Suffolk Transit
- Parent: Virginia Regional Transit
- Founded: 2012
- Locale: Suffolk, Virginia
- Service type: Fixed route bus service
- Annual ridership: 108,658 (2022)
- Fuel type: Diesel, electric
- Manager: Maria Ptakowski
- Website: www.suffolkva.us/429/Suffolk-Transit

= Suffolk Transit =

Public transit operator in Suffolk, Virginia

Suffolk Transit is the provider of bus service within Suffolk, Virginia. Suffolk Transit provides six bus routes with limited service on Saturday and no service on Sunday. Paratransit services are also provided. The company operates minibuses with a capacity of 19 passengers.

==History==
Suffolk, Virginia was served by Hampton Roads Transit (HRT) until around late 2011, when HRT stopped serving the area due to low ridership and monetary concerns. Suffolk Transit was opened on January 1, 2012, operated by the company Virginia Regional Transit. The service originally had two routes with ten bus stops, which by 2023 had grown to six bus routes 180 bus stops. Ridership in the first year was 24,662.

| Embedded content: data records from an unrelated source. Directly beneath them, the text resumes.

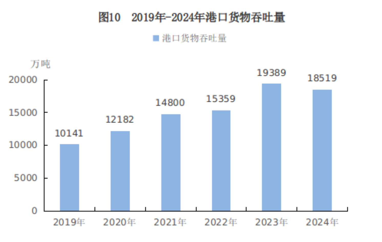 全年港口货物吞吐量18519万吨,比上年下降4.5%。集装箱吞吐量100.50万标准箱,增长7.8%。从货物贸易方式看,外贸货物吞吐量11537万吨,增长2.3%;内贸货物吞吐量6981万吨,下降14.0%。从商品主要种类看,完成吞吐量前五位货种分别为:金属矿石6568万吨,煤炭及制品3871万吨,钢铁2227万吨,非金属矿石2130万吨,矿建材料1612万吨。
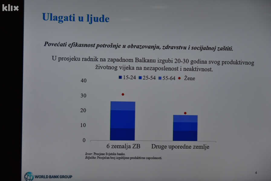 “Stopa nezaposlenosti je smanjena u 2018. godini, ali je i dalje visoka, posebno za žene i mlade. U nekim zemljama je pad nezaposlenosti proizašao iz povećane neaktivnosti radne snage i emigracije, a ne zbog novootvorenih radnih mjesta”, navode iz Svjetske banke.
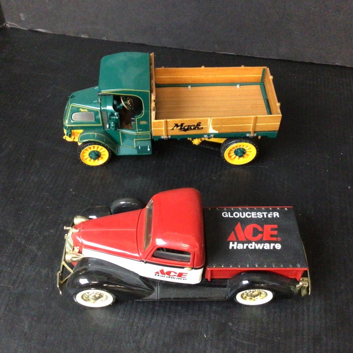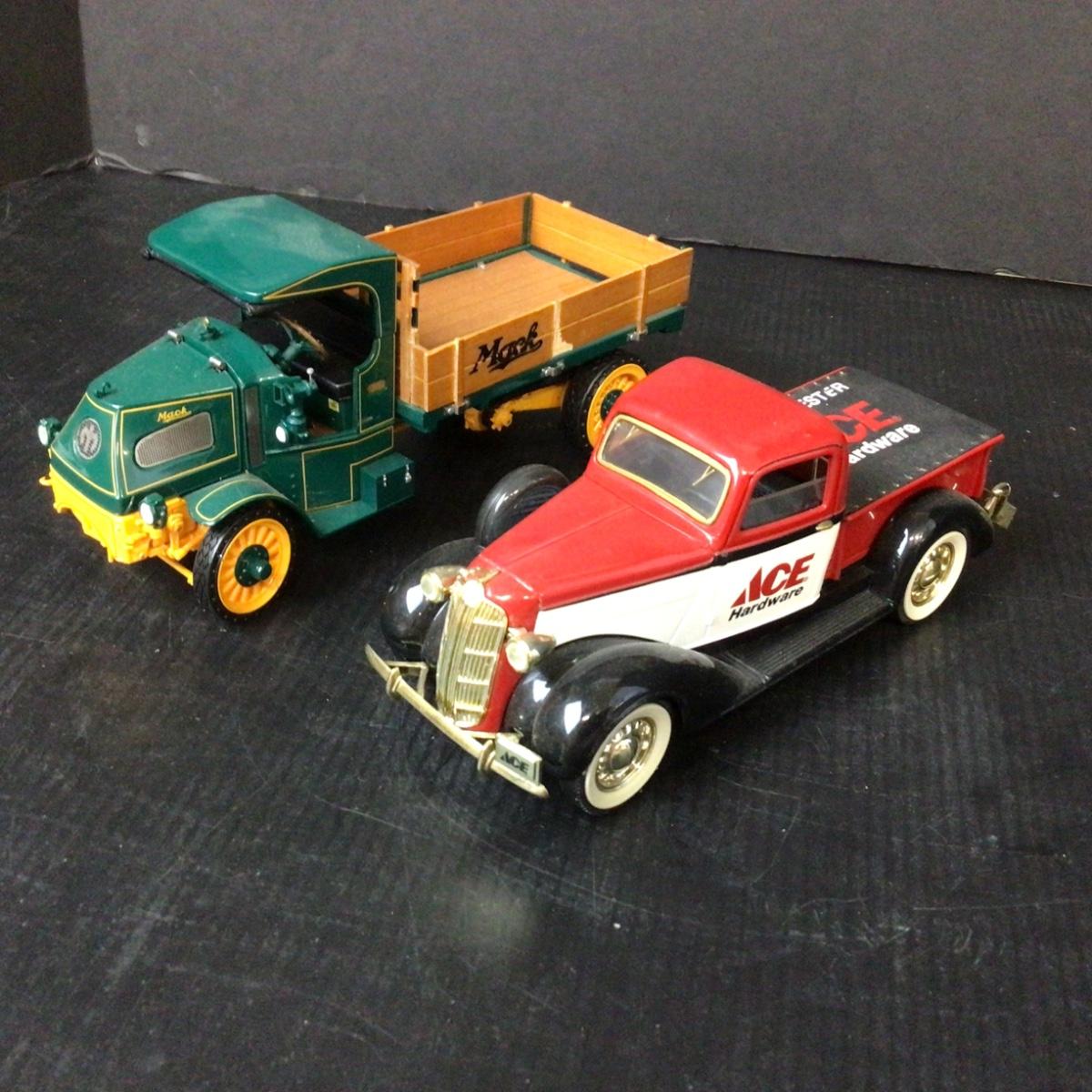 1:24 scale, die cast & plastic, Ace hardware is 1936 by Liberty classics, the Mack truck is 1916.

In 2022, Suffolk Transit received a grant from the Department of Transportation to purchase two electric buses and charging stations. Ridership in 2022 was 108,658. The company has also been evaluating a commuter bus route to Windsor, Virginia pending funding and have a plan for a commuter bus route between the industrial park area in Suffolk and the Victory Crossing area in Portsmouth, Virginia. Suffolk Transit also plans to increase collaboration with other nearby bus operators, HRT and Williamsburg Area Transit Authority to increase access to transit in the area. HRT also operates an express bus route in the area that goes to the Amazon warehouse.

==Routes==
Suffolk Transit operates six routes:

- Green Route - Saratoga / Godwin Blvd
- Orange Route - White Marsh / East Washington
- Red Route - Magnolia Gardens / Pruden Blvd
- Yellow Route - Holland Rd / Paul D Camp
- Pink Route - Downtown / N. Suffolk Connector
- Purple Route - N. Suffolk Bridge Rd / College Dr.